All of the entries below should be printed exactly; the pictures are to be left out.

- Records:
((
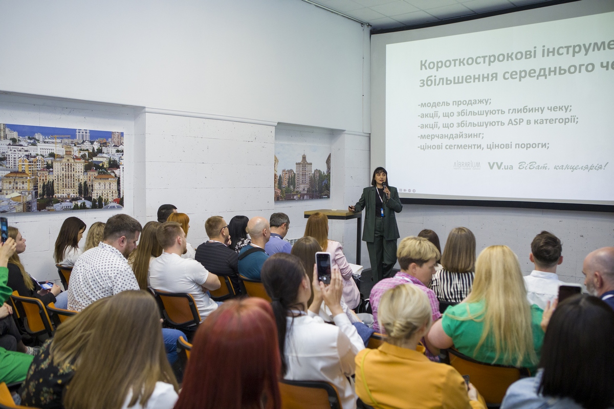 Наступною взяла слово керівник комерційного департаменту мережі магазинів Librarium і ВіВат, канцелярія! Оксана Саква. Темою її виступу стала презентація на актуальну нині тему «Інструменти збільшення середнього чеку», яка базувалася на конкретних кейсах мережі магазинів Librarium. Зокрема, як можна використовувати емоційні покупки товарів, які нібито «не вписуються» в звичний асортимент, а також показала на конкретних прикладах можливості, які надає правильно вибудована програма лояльності. Також вона вперше поділилася досвідом тестування різних форматів магазинів в одній локації та методами підвищення продажів, які довели свою ефективність. Окремо спікер показала відмінність між середнім чеком звичайного покупця та чеком людини, лояльної до бренду.
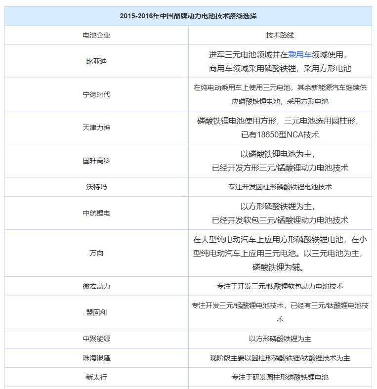 2015-2016年中國品牌動力電池技術(shù)路線選擇
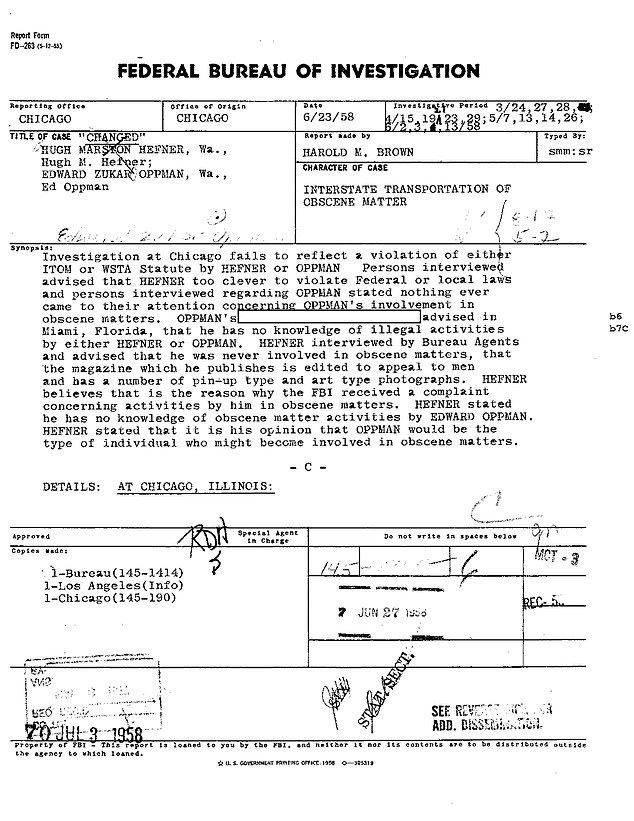 Σε ένα υπόμνημα προς τον διευθυντή του FBI, Τζέι Εντγκαρ Χούβερ, ο υπεύθυνος για τον φάκελο του Χέφνερ ανέφερε ότι ερευνάται εάν ο ιδρυτής του Playboy παραβιάζει τους νόμους. Το ερώτημα ήταν εάν ο Χέφνερ και ο φωτογράφος του Εντουαρντ Οπμαν σκόπευαν να διακινήσουν «πορνογραφικές φωτογραφίες» σε άλλες πολιτείες. Μάλιστα, σε αρκετές από τις σελίδες που απαρτίζουν τον φάκελο, καταγράφονται με λεπτομέρεια οι κινήσεις των δύο ανδρών.
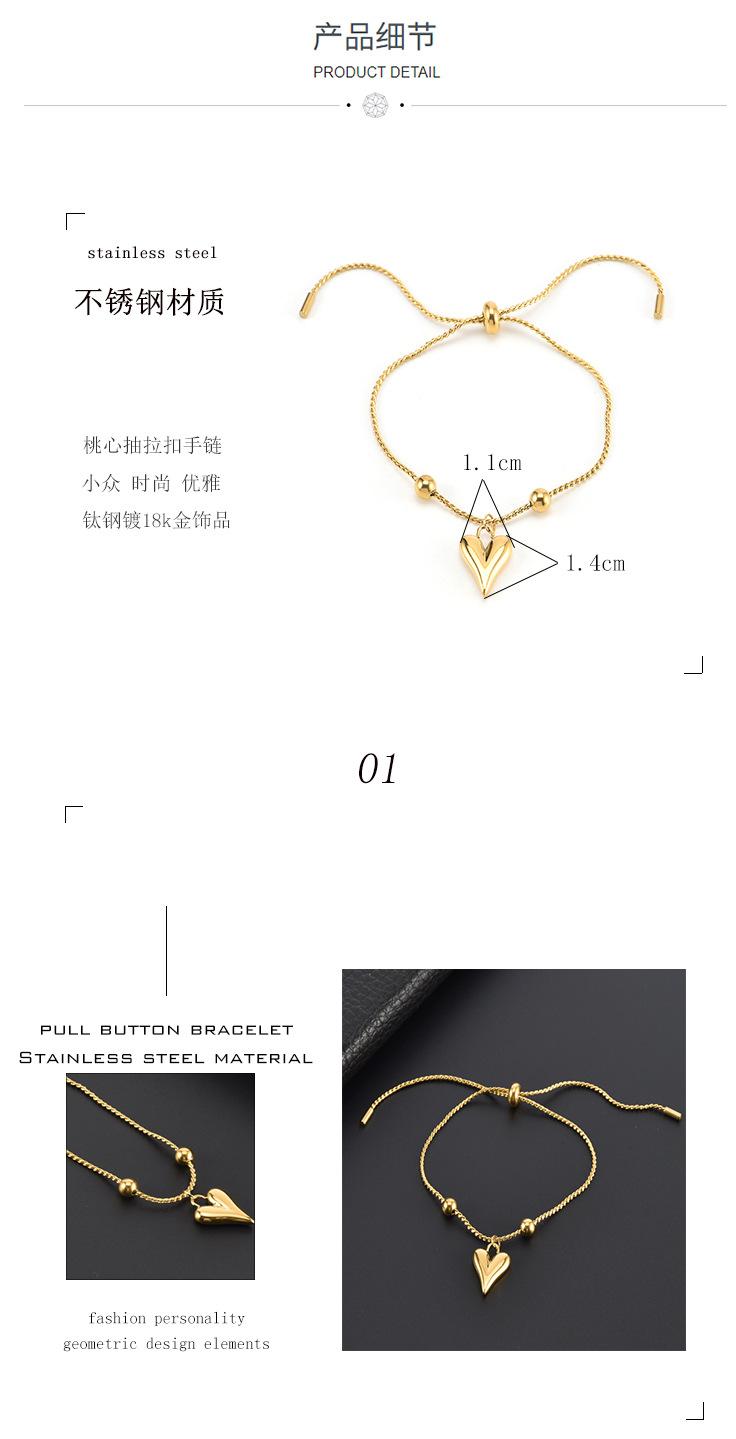 Compra Pulsera de lujo ligera de estilo francés con forma de corazón de melocotón, pulsera versátil con hebilla de amor, joyería de acero de titanio al por mayor al por mayor en Joom.pro
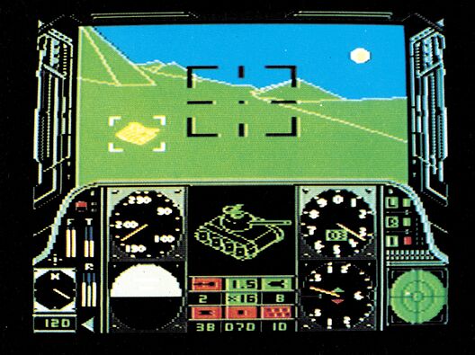 Eine weitere Simulation für den C 64 und auch Amiga ist »Gunship« von Microprose. Hier handelt es sich nicht, wie man vermuten könnte, um eine Schiffs-, sondern um eine Hubschrauber-Simulation, die sich allerdings recht kriegerisch gibt. Die C 64-Version (Bild 8) wird in Amerika jetzt schon verkauft, von der Amiga-Version war auf der CES ein Kurz-Demo zu sehen. Weiterhin zeigte Microprose »Acro Jet«, die Simulation eines Mini-Jets (Bild 9). Beide Programme weisen eine sehr schnelle 3D-Grafik auf, die bei »Gunship« den Ausblick aus dem Cockpit, bei »Acro Jet« hingegen Flugzeug und Landschaft von schräg oben zeigt.
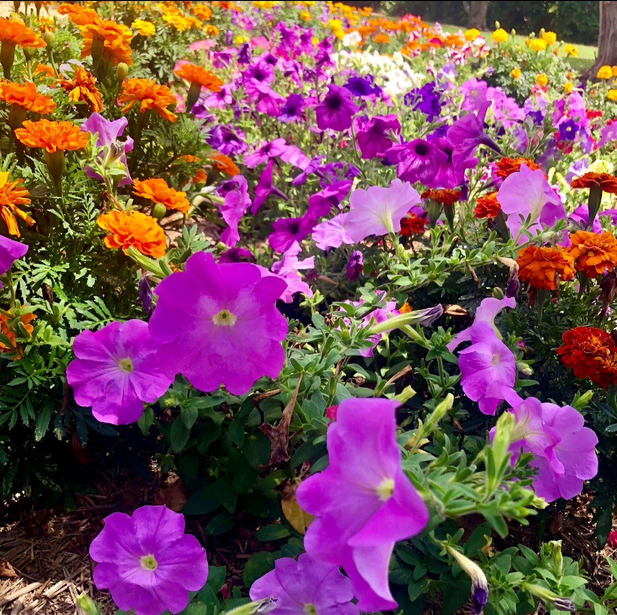 Bring the lively energy of a blooming garden into your space with this colourful garden flowers photo. Featuring a mix of red, purple, pink, and yellow blooms, this square-format botanical artwork captures the cheerful beauty and natural texture of a flourishing garden.
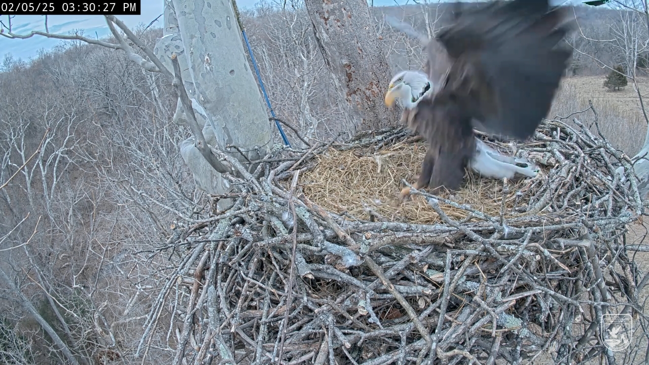 3:53 PM she arrives at the nest with the stick. When she arrives the stick that she has lands on the back of his neck. 355:50a small peep.I'm not for sure out of which one. 3:56:57 PM who's sort of request.Maybe this happily noise.She gets down in front of him. .Does her Talon backward digs breast snuggle down tail up in the cup356, he also goes up to the LO.P 3:57 PM. She is pulling bedding from one side of her to the other side while she's down in the cup. He's on the lop that a big Shruggle at 3:57 PM.3:58 PM down to the nest he goes. 3:59 PM up to the LOP 4:01:11 PM a little bit of squeak out of him again.402 11 Asking for mating, she remains on the lop and he snuggles down in the cup does a little digging.I hope they pick this nest I think everybody does.she goes4:04:38. Also little noise one up on lop and one at the base. 4:06:03 PM. Definitely asking for mating he's on the lop really request. She talks back to him. No, no mating. 4:07 PM. She exits and heads out toward the road.419 talk419 11 /50 420 49422 29/49, 423 20424 10. 42535. 4273942915. 43055, 4:35 PM finally exiting the nest. Gonna go find him to see where dinner is. She's been calling for I'm sure I think.
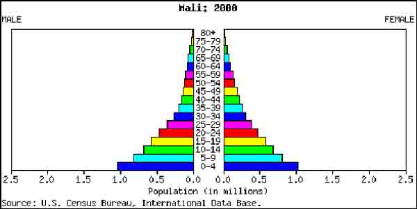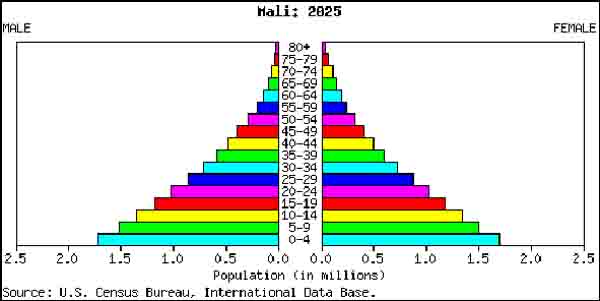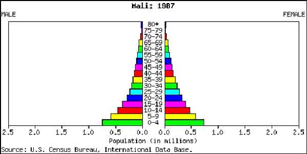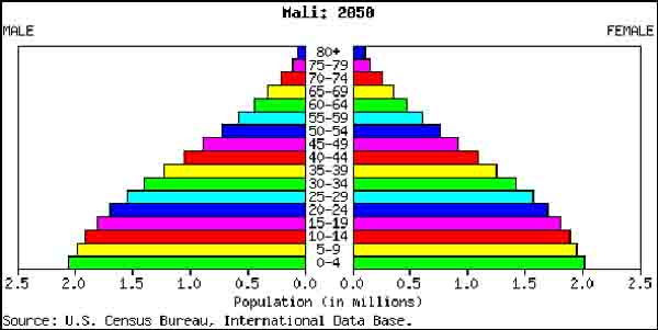 Через несколько секунд (в зависимости от быстроты вашего провайдера) вы получите на экране три пирамиды. Это классические пирамиды молодых развивающихся стран: с широкими основаниями (высокая рождаемость, многодетность) и стройными шпилями (вымирание людей в сравнительно молодых возрастах, редкое дожитие до глубокой старости). Из сопоставления трех пирамид видно, как ситуация будет постепенно меняться: рождаемость будет сокращаться, а люди будут жить подольше, и приземленно-заостренная пирамида будет понемногу становиться компактнее, вогнутые ее бока приобретут выпуклость. Но в целом, полагает американское Бюро переписей, малийцы будут продолжать неумеренно плодиться и население будет расти и расти, по крайней мере до середины текущего века. И общая площадь пирамиды на графике, заметим, будет все больше и больше.
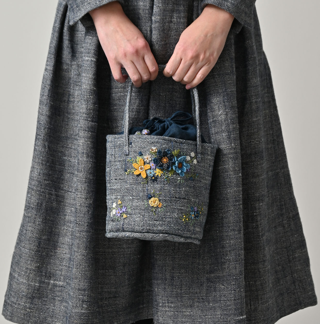 ツイード刺繍のプティバッグ(インディゴ)
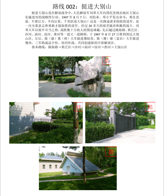 本次活动分为两个环节。第一个环节是定向运动比赛,每个参数队伍有一张独一无二的路线图。每张路线图有一个历史故事,故事主要是我党在革命时期和社会主义建设时期的光辉历史。同时每张路线图有四张华电校园的图片,参赛队根据照片确定寻找的地点,获取相应的卡片。
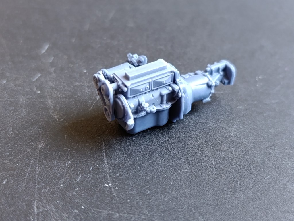 Wie der Zufall will habe ich ein erst dieses Jahr erschienenes Detailset gefunden und beim Hersteller direkt in Australien bestellt. Tatsächlich dauerte es nicht ganz 10 Tage bis ein Karton der Australien Post bei mir eintraf. Dieser Sets ergänzt das Modell nochmal um dutzende sauber gegossene Resinteile für Motor, Unterboden und Reifen. Zu haben übrigens normal über eBay.
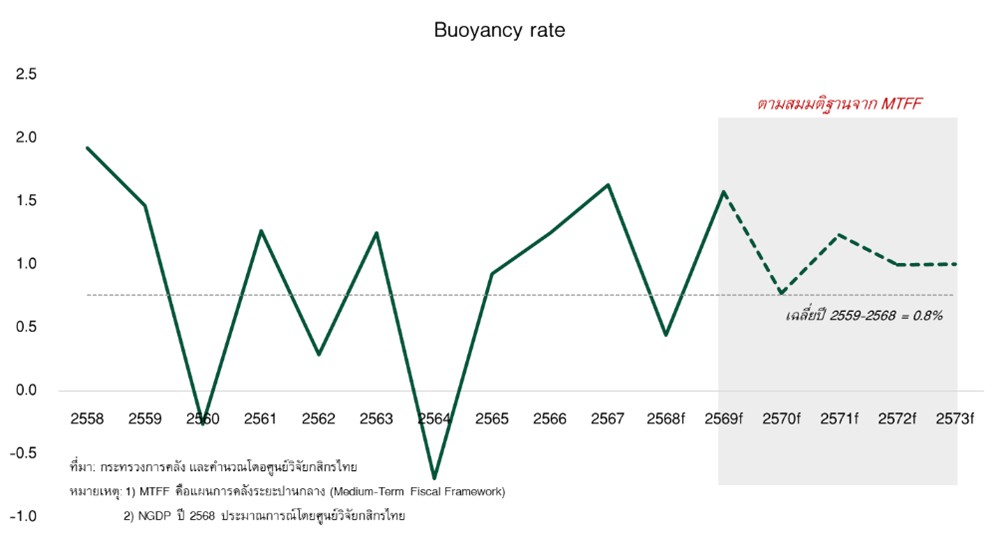 O ประสิทธิภาพการจัดเก็บรายได้ต้องขยายตัวเร็วกว่าการเติบโตทางเศรษฐกิจ หรือ Buoyancy rate มีค่ามากกว่า 1 ซึ่งในช่วง 10 ปีที่ผ่านมา (2558-2567) มีค่าเฉลี่ยอยู่ที่ 0.8 สะท้อนการจัดเก็บรายได้รัฐบาลเติบโตช้ากว่าเศรษฐกิจ กล่าวคือ เมื่อเศรษฐกิจเติบโตได้ 1% รัฐบาลเพิ่มรายได้ ได้เพียง 0.8%
))
- Task answer:
 Наступною взяла слово керівник комерційного департаменту мережі магазинів Librarium і ВіВат, канцелярія! Оксана Саква. Темою її виступу стала презентація на актуальну нині тему «Інструменти збільшення середнього чеку», яка базувалася на конкретних кейсах мережі магазинів Librarium. Зокрема, як можна використовувати емоційні покупки товарів, які нібито «не вписуються» в звичний асортимент, а також показала на конкретних прикладах можливості, які надає правильно вибудована програма лояльності. Також вона вперше поділилася досвідом тестування різних форматів магазинів в одній локації та методами підвищення продажів, які довели свою ефективність. Окремо спікер показала відмінність між середнім чеком звичайного покупця та чеком людини, лояльної до бренду.
 2015-2016年中國品牌動力電池技術(shù)路線選擇
 Σε ένα υπόμνημα προς τον διευθυντή του FBI, Τζέι Εντγκαρ Χούβερ, ο υπεύθυνος για τον φάκελο του Χέφνερ ανέφερε ότι ερευνάται εάν ο ιδρυτής του Playboy παραβιάζει τους νόμους. Το ερώτημα ήταν εάν ο Χέφνερ και ο φωτογράφος του Εντουαρντ Οπμαν σκόπευαν να διακινήσουν «πορνογραφικές φωτογραφίες» σε άλλες πολιτείες. Μάλιστα, σε αρκετές από τις σελίδες που απαρτίζουν τον φάκελο, καταγράφονται με λεπτομέρεια οι κινήσεις των δύο ανδρών.
 Compra Pulsera de lujo ligera de estilo francés con forma de corazón de melocotón, pulsera versátil con hebilla de amor, joyería de acero de titanio al por mayor al por mayor en Joom.pro
 Eine weitere Simulation für den C 64 und auch Amiga ist »Gunship« von Microprose. Hier handelt es sich nicht, wie man vermuten könnte, um eine Schiffs-, sondern um eine Hubschrauber-Simulation, die sich allerdings recht kriegerisch gibt. Die C 64-Version (Bild 8) wird in Amerika jetzt schon verkauft, von der Amiga-Version war auf der CES ein Kurz-Demo zu sehen. Weiterhin zeigte Microprose »Acro Jet«, die Simulation eines Mini-Jets (Bild 9). Beide Programme weisen eine sehr schnelle 3D-Grafik auf, die bei »Gunship« den Ausblick aus dem Cockpit, bei »Acro Jet« hingegen Flugzeug und Landschaft von schräg oben zeigt.
 Bring the lively energy of a blooming garden into your space with this colourful garden flowers photo. Featuring a mix of red, purple, pink, and yellow blooms, this square-format botanical artwork captures the cheerful beauty and natural texture of a flourishing garden.
 3:53 PM she arrives at the nest with the stick. When she arrives the stick that she has lands on the back of his neck. 355:50a small peep.I'm not for sure out of which one. 3:56:57 PM who's sort of request.Maybe this happily noise.She gets down in front of him. .Does her Talon backward digs breast snuggle down tail up in the cup356, he also goes up to the LO.P 3:57 PM. She is pulling bedding from one side of her to the other side while she's down in the cup. He's on the lop that a big Shruggle at 3:57 PM.3:58 PM down to the nest he goes. 3:59 PM up to the LOP 4:01:11 PM a little bit of squeak out of him again.402 11 Asking for mating, she remains on the lop and he snuggles down in the cup does a little digging.I hope they pick this nest I think everybody does.she goes4:04:38. Also little noise one up on lop and one at the base. 4:06:03 PM. Definitely asking for mating he's on the lop really request. She talks back to him. No, no mating. 4:07 PM. She exits and heads out toward the road.419 talk419 11 /50 420 49422 29/49, 423 20424 10. 42535. 4273942915. 43055, 4:35 PM finally exiting the nest. Gonna go find him to see where dinner is. She's been calling for I'm sure I think.
 Через несколько секунд (в зависимости от быстроты вашего провайдера) вы получите на экране три пирамиды. Это классические пирамиды молодых развивающихся стран: с широкими основаниями (высокая рождаемость, многодетность) и стройными шпилями (вымирание людей в сравнительно молодых возрастах, редкое дожитие до глубокой старости). Из сопоставления трех пирамид видно, как ситуация будет постепенно меняться: рождаемость будет сокращаться, а люди будут жить подольше, и приземленно-заостренная пирамида будет понемногу становиться компактнее, вогнутые ее бока приобретут выпуклость. Но в целом, полагает американское Бюро переписей, малийцы будут продолжать неумеренно плодиться и население будет расти и расти, по крайней мере до середины текущего века. И общая площадь пирамиды на графике, заметим, будет все больше и больше.
 ツイード刺繍のプティバッグ(インディゴ)
 本次活动分为两个环节。第一个环节是定向运动比赛,每个参数队伍有一张独一无二的路线图。每张路线图有一个历史故事,故事主要是我党在革命时期和社会主义建设时期的光辉历史。同时每张路线图有四张华电校园的图片,参赛队根据照片确定寻找的地点,获取相应的卡片。
 Wie der Zufall will habe ich ein erst dieses Jahr erschienenes Detailset gefunden und beim Hersteller direkt in Australien bestellt. Tatsächlich dauerte es nicht ganz 10 Tage bis ein Karton der Australien Post bei mir eintraf. Dieser Sets ergänzt das Modell nochmal um dutzende sauber gegossene Resinteile für Motor, Unterboden und Reifen. Zu haben übrigens normal über eBay.
 O ประสิทธิภาพการจัดเก็บรายได้ต้องขยายตัวเร็วกว่าการเติบโตทางเศรษฐกิจ หรือ Buoyancy rate มีค่ามากกว่า 1 ซึ่งในช่วง 10 ปีที่ผ่านมา (2558-2567) มีค่าเฉลี่ยอยู่ที่ 0.8 สะท้อนการจัดเก็บรายได้รัฐบาลเติบโตช้ากว่าเศรษฐกิจ กล่าวคือ เมื่อเศรษฐกิจเติบโตได้ 1% รัฐบาลเพิ่มรายได้ ได้เพียง 0.8%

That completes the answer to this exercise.